+++ Data for this task

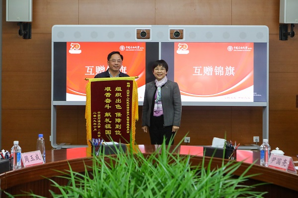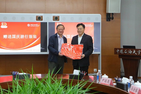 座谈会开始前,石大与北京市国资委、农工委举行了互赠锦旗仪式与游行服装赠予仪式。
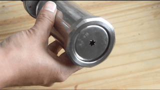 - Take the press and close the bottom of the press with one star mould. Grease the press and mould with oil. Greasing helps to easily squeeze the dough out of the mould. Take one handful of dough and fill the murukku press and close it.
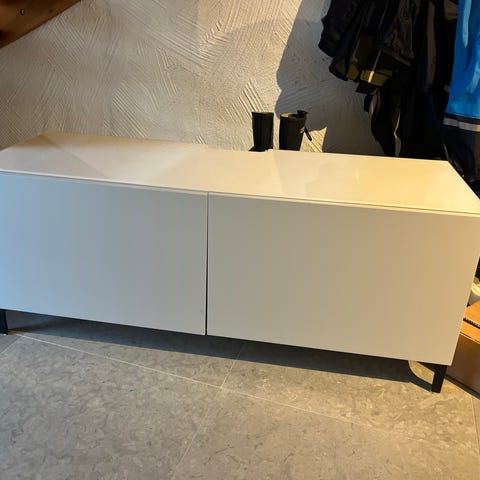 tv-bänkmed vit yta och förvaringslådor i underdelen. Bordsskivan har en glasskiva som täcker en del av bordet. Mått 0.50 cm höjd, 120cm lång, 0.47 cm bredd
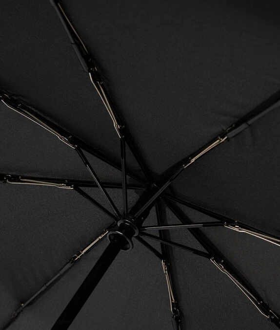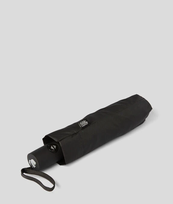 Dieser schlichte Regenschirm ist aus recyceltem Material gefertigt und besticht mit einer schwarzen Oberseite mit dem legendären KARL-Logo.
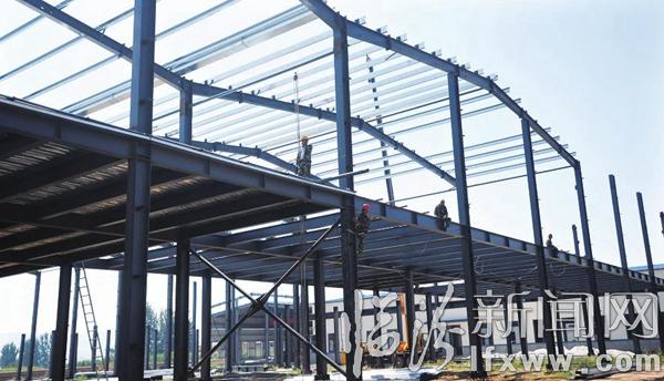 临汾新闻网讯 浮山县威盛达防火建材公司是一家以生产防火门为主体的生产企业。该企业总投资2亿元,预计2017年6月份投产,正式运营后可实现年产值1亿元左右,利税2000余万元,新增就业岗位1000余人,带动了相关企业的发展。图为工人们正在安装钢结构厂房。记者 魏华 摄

++++++

## Task details
Transcribe all lines above exactly, skipping pictures.

## Answer area
 座谈会开始前,石大与北京市国资委、农工委举行了互赠锦旗仪式与游行服装赠予仪式。
 - Take the press and close the bottom of the press with one star mould. Grease the press and mould with oil. Greasing helps to easily squeeze the dough out of the mould. Take one handful of dough and fill the murukku press and close it.
 tv-bänkmed vit yta och förvaringslådor i underdelen. Bordsskivan har en glasskiva som täcker en del av bordet. Mått 0.50 cm höjd, 120cm lång, 0.47 cm bredd
 Dieser schlichte Regenschirm ist aus recyceltem Material gefertigt und besticht mit einer schwarzen Oberseite mit dem legendären KARL-Logo.
 临汾新闻网讯 浮山县威盛达防火建材公司是一家以生产防火门为主体的生产企业。该企业总投资2亿元,预计2017年6月份投产,正式运营后可实现年产值1亿元左右,利税2000余万元,新增就业岗位1000余人,带动了相关企业的发展。图为工人们正在安装钢结构厂房。记者 魏华 摄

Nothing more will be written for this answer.